The finish to Cicero’s Offices (or On Duties or De Oficiis) was both apropos and unsettling. The book is a missive to his son and most of it is ethical philosophy as light reading. Not to denigrate it! Part of the reason it is light reading, is that Cicero is known as an excellent Latin stylist and while my translation is little old fashioned, it keeps the clearness. But also because Cicero is not Kant and this is not a technical treatise. Yes, he talks about stoicism and he mentions his own school (the sceptics or Academicians) and notes that his son has chosen to study under a peripatetic (which is to say, an Aristotlean) philosopher. But this is a practical guidebook.
Or, at least, that’s how it begins… and actually, that’s how most of it goes.

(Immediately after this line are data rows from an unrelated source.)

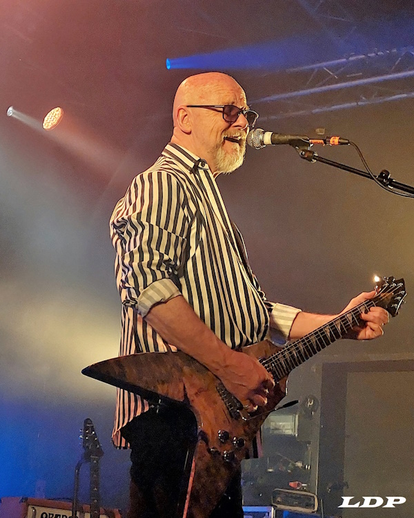 « Bonjour ! » : Andy Powell fait l’effort de placer quelques mots de français. Il s’y essaiera tout au long de la soirée. Le groupe démarre sur l’instrumental "In the Skin" qui fut le « single » de l’album « Nouveau Calls » en 1987. Le titre justifie la présence de la lap-steel dont Mark Abrahams s’empare avec assurance quand le morceau l’exige, en alternance avec sa splendide PRS. La version reste assez fidèle à l’original et on sent déjà que le groupe a la pêche ce soir. Andy s’est emparé d’une superbe guitare de luthier, une Case APJV carved top de 2014, de fabrication anglaise, dont les courbes viennent adoucir la forme générale inspirée par ses célèbres Flying V. Les amplis Orange Rockerverb 100 MKIII des guitaristes crachent avec vigueur mais sans abus : le niveau sonore reste très raisonnable. Tout est orienté vers le plaisir du public. Après ce brillant début, le groupe enchaîne sur deux compositions plus récentes, issues de leur dernier album, « Coat of Arms » (2020) : « We Stand As One », très bon titre de scène, fidèle à l’esprit du groupe, avec son passage hors tempo façon mandoline où s’exprime la PRS de Mark Abrahams, puis « Coat of Arms », le titre qui a donné son nom à l’album, notablement plus pêchu sur scène en raison de la prédominance dynamique du riff en boucle de Mark Abrahams, parfois doublé par Andy Powell, qui emporte la composition vers un univers hypnotique avant, après environ quatre minutes, de connaître une évolution vers d’autres couleurs sonores, avec plusieurs changements de tempo. Cette composition complexe de presque huit minutes flirte avec le rock progressif et offre un panorama varié de ce que peuvent proposer les musiciens : impressionnant ! Du grand art. Ce groupe n’a rien perdu de son inventivité et il le démontre y compris ce soir sur la scène du Big Band Café.
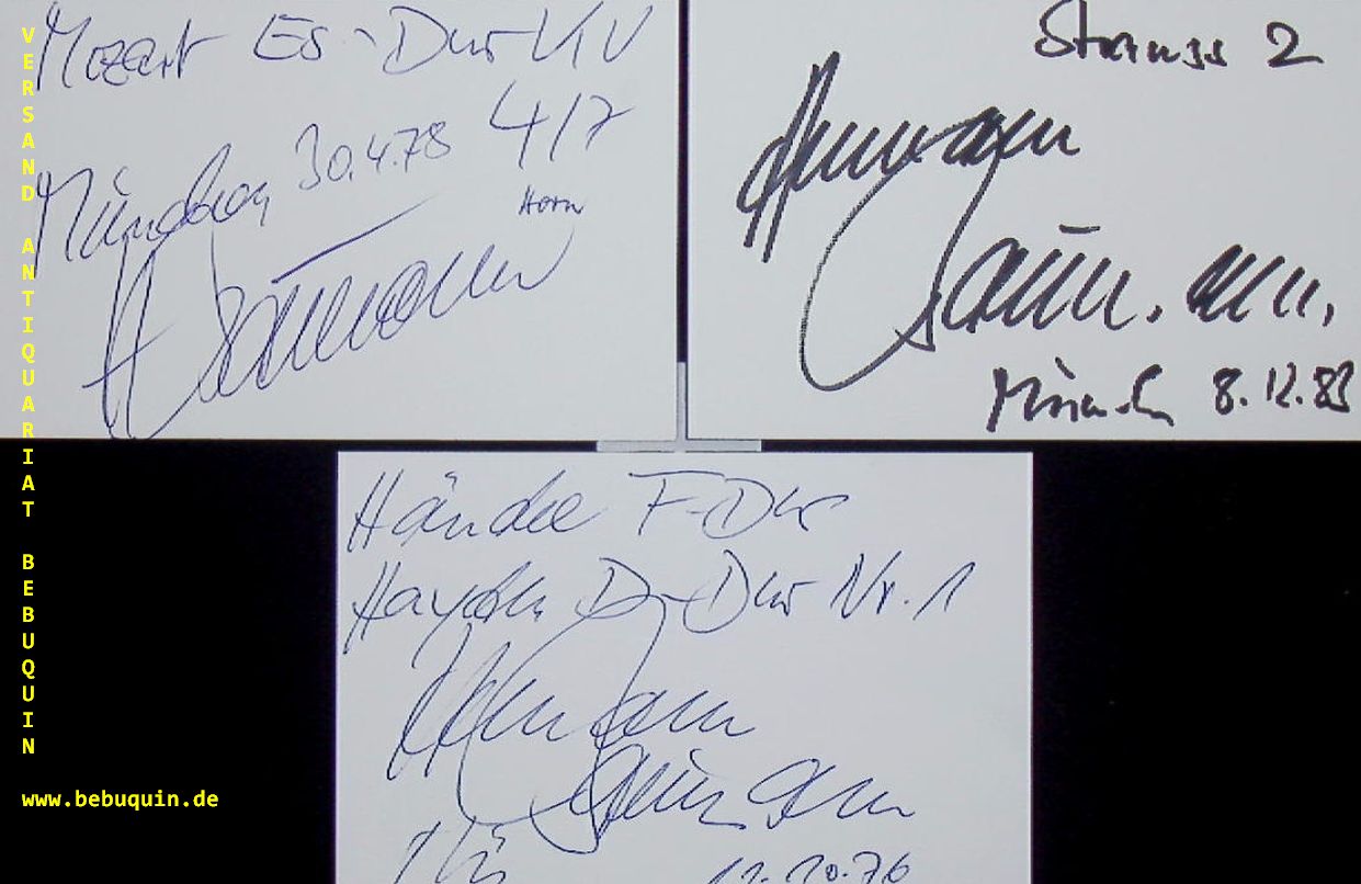 BAUMANN, Hermann (Hornist): 3 eigenhändig signierte und datierte Autogrammkarte. München (Philharmonie), 1976 – 1983. 8 x 12,5 cm. 3 Karteikarte. Hermann Rudolph Konrad Baumann (* 1. August 1934 in Hamburg) ist ein deutscher Hornist. Er erhielt in seiner Jugend Klavier- und Cellounterricht, und wurde zum Chorleiter ausgebildet. Zunächst war er Sänger sowie Jazzdrummer, wo er unter anderem Mitglied in der Bigband von Ernst Mosch war. Da ihm der Transport des Schlagzeugs, bedingt durch die Nachkriegszeit auch mit dem Handkarren, lästig war, begann er sich erst im Alter von 17 Jahren mit dem Horn zu beschäftigen. (Wikipedia)
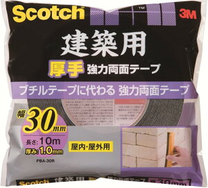 3M スコッチ 強力両面テープ 建築用 厚手 幅30mm長さ10m PBA-30R ブロックや木材にも接着可能! 屋外の寒いところでもベタベタくっつきます。ブチルテープに代わるシール材としても使えます...
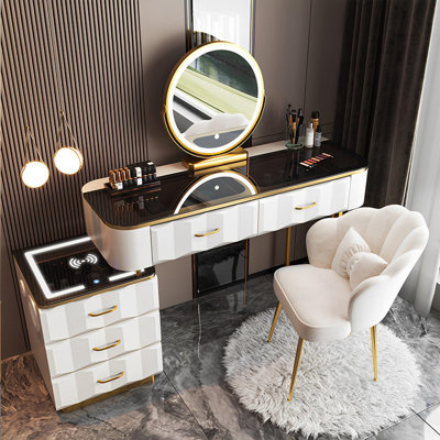 ชุดโต๊ะเครื่องแป้งกระจกสีขาวที่ทันสมัยสำหรับห้องนอนโต๊ะเครื่องแป้งแต่งหน้าลิ้นชักโต๊ะเครื่องแป้งมีไฟ
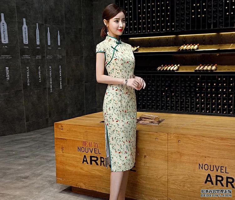 清新脫俗印花旗袍,精美款
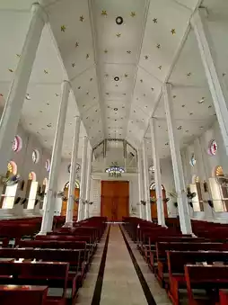 The interior of the church features stained glass depicting scenes from the Bible, and the ceiling is decorated with stars resembling the sky.

But his bitterness over his fall (precipitated by his opposition to Julius Caesar’s power grabs; Cicero was not a democratic soul, but believed deeply in the Roman Republic and its institutions) takes over and it’s hard not to read the last twenty pages or so as a pointed attack on the people and institutions he sees as having failed the Republic and contributed to its decline and downfall.
Which might seem appropriate for the times, right? Like most Americans, I voted against Trump, and have, even before he has taken office, been found right in my opposition as he rather publicly dismantles our democratic norms (en route to dismantling our democratic institutions?). But Lord knows that I need a break. I didn’t pick up a two thousand year old book for insight into the current predicament affecting my country. I wanted a bit o’ ancient wisdom and a good read.